Прибился к нам в часть учителев сын, десятилетний мальчик. И слов наслушался, и отцовой тюрьмы не забыл. Словом, ушел из дому без корки единой, по дороге в перелеске к нам пристал. А у нас только что тачаночка отбита и полна вражьими снарядами. Мальчика к тачанке часовым приставили: что успели, разъяснили ему, как себя часовой соблюдать должен, сами же кто в бой, кто в разведку. Тут и лесникова хата, лесник ста лет хозяин, насквозь мохом пророс, да десятилеток на часах, снаряды вот как нужны. Ночь летняя поспешная, вот и свет, вот и враг, нас же нету. Мальчик выстрелил, они его прикладом, били, били и жгли даже — он как язык проглотил. Молча умер. Мы пришли, да поздно. Дед древний, видя эту смерть, в такой стыд вошел, заплакал. Плачет и говорит: «К чему,— говорит,— жить так долго, если вот десятилетний, а хорошо как помер!»

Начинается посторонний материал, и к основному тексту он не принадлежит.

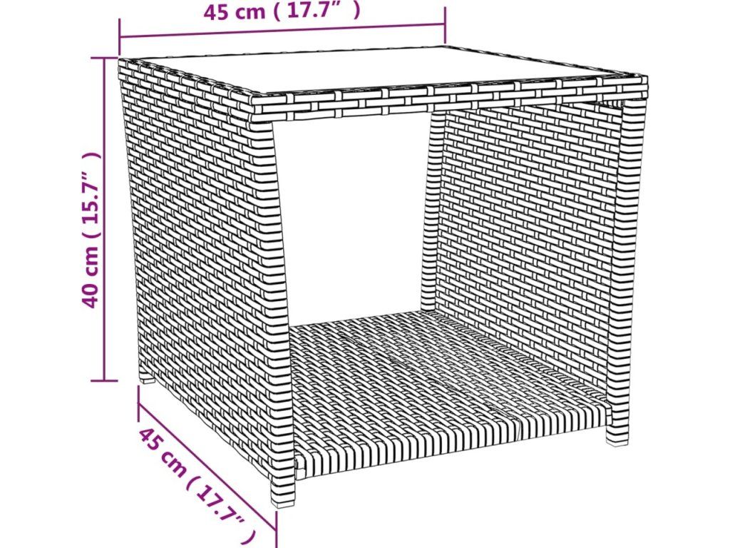 - Materiál: PE ratan, práškově lakovaná ocel, tvrzené sklo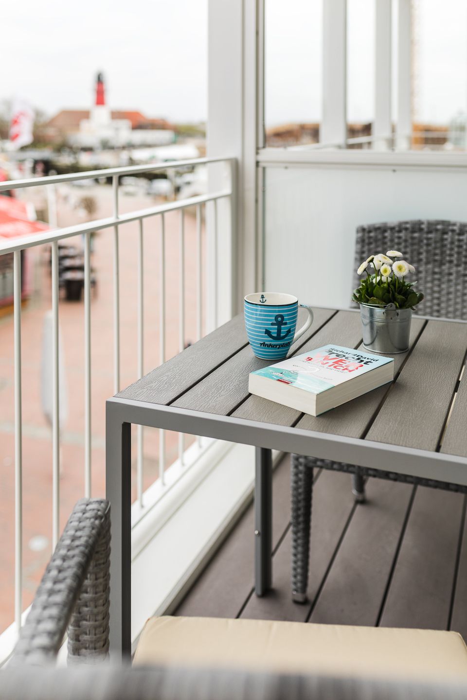 Auf dem Balkon (Südost-Ausrichtung) genießen Sie den Blick auf den Büsumer Leuchtturm und den Museumshafen – oder möchten Sie lieber das bunte Treiben in der Fußgängerzone beobachten?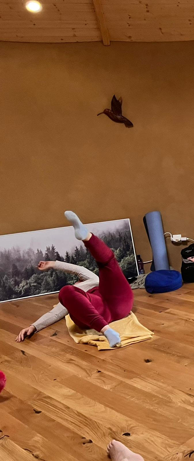 Zimné ÚSTRANIE vytvorené a vedené famóznou somatickou terapeutkou a mojou spolužiačkou z VŠ Moni Stehlíkovou a inšpiratívnym muzikoterapeutom Majom Gliganičom v Novej Bani, bolo zamerané na hlbokú regeneráciu nervového systému a prácu s vodou v tele cez introspekciu, uvoľňovanie, precítenie vlastnej váhy, prácu so zvukom v tele, prácu s uzemňovaním a stabilizačnými technikami, prácu so zvukom vo vode za pomoci hudobných nástrojov, a mnoho mnoho ďalšieho. Dopriala by som každému toľko výživného času stráveného so sebou. Veľká vďaka Monike, ktorá vytvára tolerantný priestor plný rešpektu, aby každý mohol pracovať s telom v duchu vlastného presvedčenia, vlastnej viery.

Ты не хвали, не подымай его выше головы за боевую удаль. Удалых меж нас леса-волоса. А вот с ним было такое в глухую, тяжелую осень. Шли они, таяся, все после тифа и шли между врагов. Он же всех слабей был и отстал. Отстал, в какую-то пещерочку-норку забрался — все равно идти не в силах. «Помру»,— думает. Лег он на сырую землю, руки протянул, батюшки! Банка с консервами! Еще банка, хлеба каравай, сыра головка! Разное. Кой-как хлебушка умял, малый кусок, продукты на слабые свои плечи взвалил и заспешил. И так всю ночь спешил, и догнал-таки где-то. И ведь ничем не попользовался, кроме как хлеба немножком. Этими продуктами да его непосильной удалью, что все донес он, и спасены все. И самое найглавное, чему почти и веры дать невозможно,— была меж продуктов спирту бутылка! Вот ты и рассуди, кто он какой и в чем его удаль.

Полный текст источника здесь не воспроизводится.